Кенелм пошел за горничной через переднюю в комнату, которой еще не существовало во время его первых посещений. Художник, сделав Грасмир после смерти Лили своей основной резиденцией, пристроил студию позади той заброшенной комнаты, где Лили держала в клетках "души некрещеных младенцев".
Высокая комната с частично затемненным окном на холодную, северную сторону. На стенах — разные эскизы. Старинная мебель и великолепные итальянские ткани, разбросанные в беспорядке. На мольберте — большая завешенная картина. Художник стоял перед другой, такой же большой, но неоконченной. Когда Кенелм вошел, Мелвилл быстро обернулся, выронил кисть и палитру, поспешно подошел к Кенелму, пожал ему руку, опустил голову ему на плечо и сказал, очевидно борясь с сильным волнением:
— С тех пор, как мы расстались, какое горе, какая потеря!
— Я знаю, я видел ее могилу. Не будем говорить об этом, зачем напрасно бередить вашу рану? Итак… итак, ваши пылкие надежды исполнились: свет наконец воздал вам должное. Эмлин сказал мне, что вы написали замечательную картину.
Сказав это, Кенелм сел. Живописец еще стоял среди комнаты. Он вытер рукой набежавшие слезы.
— Погодите минутку, — наконец промолвил он. — Не надо пока говорить о славе. Прошу меня простить. Ваше внезапное появление взволновало меня.

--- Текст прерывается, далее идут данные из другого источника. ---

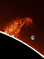 Солнечная вспышка — явление, поражающее воображение. Протуберанцы (от лат. protubero — вздуваюсь) — плотные конденсации относительно холодного (по сравнению с солнечной короной) вещества, которые поднимаются и удерживаются над поверхностью Солнца магнитным полем.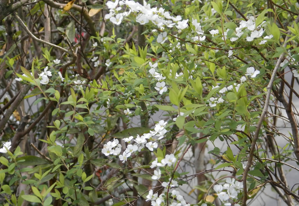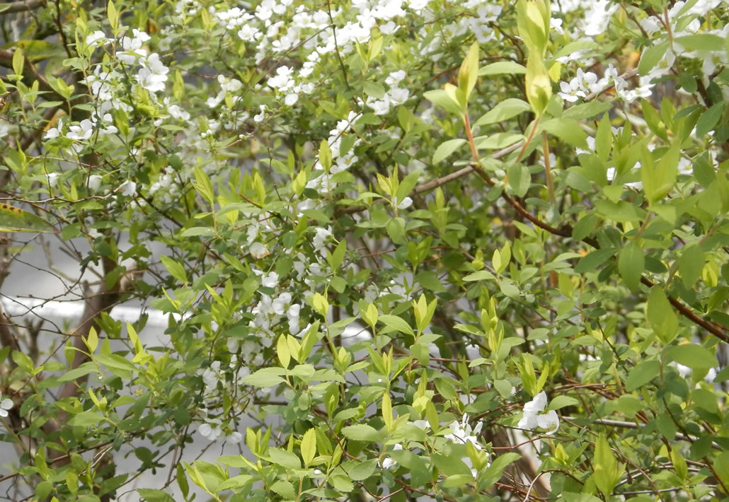 桜と同じ頃、お庭の隅っこで静かに、枝垂れるように生長した枝に、白の小さな花が無数咲いています。

Художник сел на старинный, изъеденный червями, готический ларь, скомкав золотистые нити вышитой шелковой материи, редкой и очень ветхой, наброшенной на этот ларь.
Кенелм посмотрел сквозь полузакрытые веки на художника, и его губы, прежде слегка искривленные тайным презрением, мрачно сжались. В стараниях Мелвилла скрыть волнение сильный человек узнал сильного человека, узнал и вместе с тем удивился: как человек, которому Лили обещала свою руку, мог так скоро после ее потери опять писать картины и заботиться о похвале куску холста.
Через несколько минут Мелвилл снова начал разговор и больше не упоминал о Лили, будто ее никогда и не было на свете.
— Да, моя последняя картина действительно имела успех и вполне, хотя и поздно, вознаградила меня за всю горечь прежней напрасной борьбы, за острое чувство несправедливости, за тоску, которую знает только художник, когда недостойных соперников ставят выше его.
Враги спешат хулить, друзья хвалить не смеют.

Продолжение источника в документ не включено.